JJ – Millionaire Mindset Profile picture
Sep 2 14 tweets 3 min read Read on X
Most money advice is too complex, too frugal, or too outdated.

Ramit Sethi changed the game with a simple truth:
“You don’t need to be a finance nerd to be rich.”

Here are 7 habits from his bestseller you can steal:🧵 Image
1/13 Why This Book Still Matters

Ramit’s philosophy is clear:
•Automate everything
•Focus on big wins
•Spend on what you love
•Stop micromanaging every $3 coffee

You get rich by building a system.
Not obsessing over spreadsheets.
2/13 Habit 1: Automate Your Finances (1/7)

Wealth isn’t about discipline.
It’s about systems.

Automatic transfers to:
• Savings
• Roth IRA / 401(k)
• Investment accounts
• Bills

This creates wealth on auto that grows while you sleep.
3/13 Habit 2: Spend Consciously (2/7)

Rich people spend lavishly—on what they love.
And ruthlessly cut what they don’t.

The key?
Intentionality.

Every dollar should reflect your values, not someone else’s expectations.
4/13 Habit 3: Forget Financial Expertise (3/7)

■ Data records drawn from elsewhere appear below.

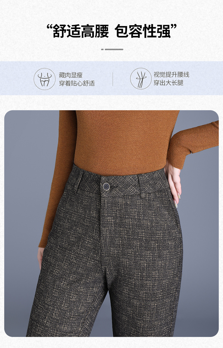 QYM 9851-Y微喇格子西装裤休闲裤气质优雅高腰喇叭裤 商品图3
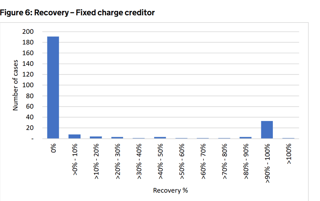 The overall returns to creditors are very poor. The charts below shows preferential creditors that in most cases will be employees and HMRC (post 2020) and Fixed charge creditors who are in fact the first in line showing virtually nil return
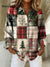 Women's Vintage Christmas Patchwork Art Print Casual Cotton Shirt
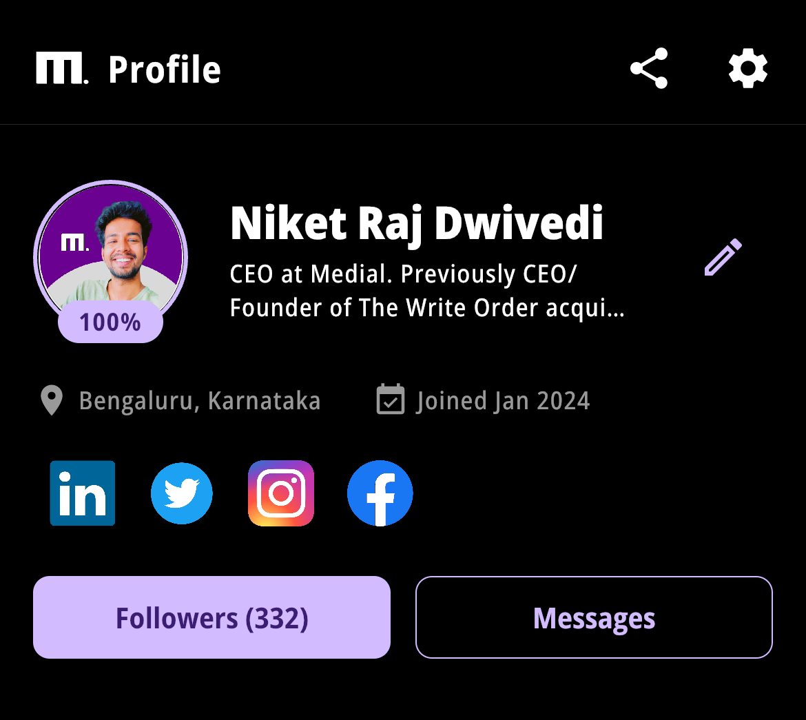 I crossed 100 followers on Medial today! Thanks for showering you love on Medial. I’m proud of how our community is shaping up and would like to thank each one of you ❤️🚀 The first person to reach 100 followers (who isn’t a Medial team member) will
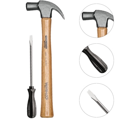 Martelo: toda obra precisa de um martelo de unha na hora de introduzir ou remover pregos, rasgar e remover componentes estruturais de madeiras. Toda a qualidade que você precisa para bater o martelo!
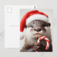 Otter Santa Hat Adorable Candy Cane Postcard
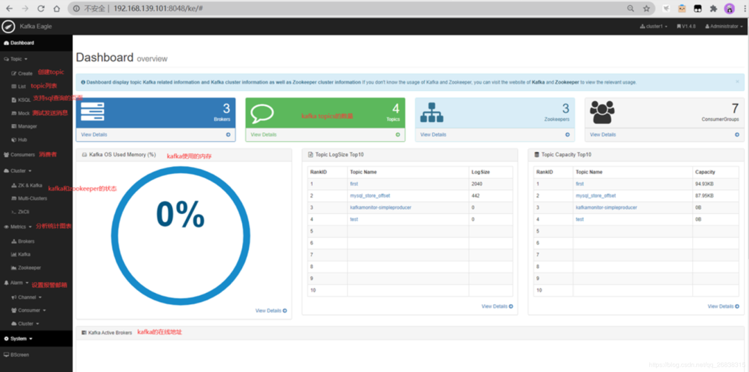 cd /opt/module/kafka-eagle-bin-1.4.8/kafka-eagle-web-1.4.8# 修改为以下内容#设置kafka集群(可以多个)kafka.eagle.zk.cluster.alias=cluster1cluster1.zk.list=cm1:2181,cm2:2181,cm3:2181####################################### kafka eagle 的端口######################################kafka.eagle.webui.port=8048####################################### kafka jdbc 地址注意可以自己安装数据mysql也可以自带的######################################kafka.eagle.driver=org.sqlite.JDBCkafka.eagle.url=jdbc:sqlite:/opt/module/kafka-eagle-bin-1.4.8/kafka-eagle-web-1.4.8/db/ke.dbkafka.eagle.username=rootkafka.eagle.password=123456

You don’t need to “beat the market” or read charts.
You need:
• Basic investing knowledge
• A debt-free mindset
• Emotional control

Ramit calls this smart money for normal people.
5/13 Habit 4: Save While You Sleep (4/7)

Compounding = the most powerful force in personal finance.

Start early.
Invest in long-term, high-yield vehicles.
Set it on autopilot.

This is Passive Wealth —let time do the heavy lifting.
6/13 Habit 5: Negotiate Everything (5/7)

From credit card fees to cable bills—everything is negotiable.

Don’t accept sticker prices.
Fight back with:
• Scripts
• Confidence
• Persistence

Small wins → Big savings → More money to invest.
7/13 Habit 6: Use the Envelope System (6/7)

Financial clarity starts with boundaries.

Use envelopes (or digital buckets) to allocate:
•Rent
•Groceries
•Entertainment
•Guilt-free spending

Structure eliminates overspending.
8/13 Habit 7: Invest in Yourself (7/7)

The #1 ROI?
Your skills.
Learn. Adapt. Upgrade.

Courses, books, certifications — anything that increases earning power is an investment, not an expense.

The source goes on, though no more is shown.